B. Total memory size changed from the DOS system to the data Zone
After the virus is resident in the memory, to prevent the DOS system from overwriting it, you must modify the total system memory.
C. Write the COM and exe files
To infect viruses, you must write COM and exe files.
D. switching between virus programs and host programs
The infected program is running. Run the virus first and then run the Host Program. There are many feature behaviors when switching between the two.
Features of Behavior Monitoring:
Strengths of the Behavior Monitoring Method: it can detect unknown viruses and accurately predict the majority of unknown viruses. Short points of the Behavior Monitoring Method: it may be difficult to trigger an alarm by mistake, identify the virus name, and implement it.
4. Software Simulation Method
Each infection of a polymorphism virus changes its virus password. To deal with the virus, the feature code method becomes invalid. Because the code of the polymorphism virus is encrypted, and each time the key is used is different, the infected virus code is compared with each other, and the same Code may not be found as the stable code of the feature. Although the behavior detection method can detect the polymorphism virus, it is difficult to completely clear the virus because it does not know the type of the virus.
Features of Software Simulation:
Advantages of the software simulation method: the most powerful judgment capability on viruses (because of a variety of detection methods ).

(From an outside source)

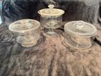 3 drie antieke glazen voorraadpotten in verschillende uitvoering - zonder gebreken. Eventueel ook los te koop. 1. Hoog: 22 cm - do

Software Simulation Method: scanning is slow and virus detection is often inaccurate.
V. Summary
After learning about the above detection methods, the final conclusion is: currently, anti-virus software mainly relies on pattern recognition technology to detect viruses. That is to say, the pattern is the special code extracted from the virus itself by anti-virus software to determine the virus (the virus always has its own characteristics like humans) our kill-free model specifically targets these signatures, which means that anti-virus software can achieve the purpose of eliminating the virus by failing to find these signatures. However, it should be emphasized that the functions of the file itself cannot be damaged, that is, the files without killing should be exactly the same as those of the original file. Only in this way can it be regarded as an effective kill-free solution.

Note: This article is excerpted from Ji Liang, author of "password to death ".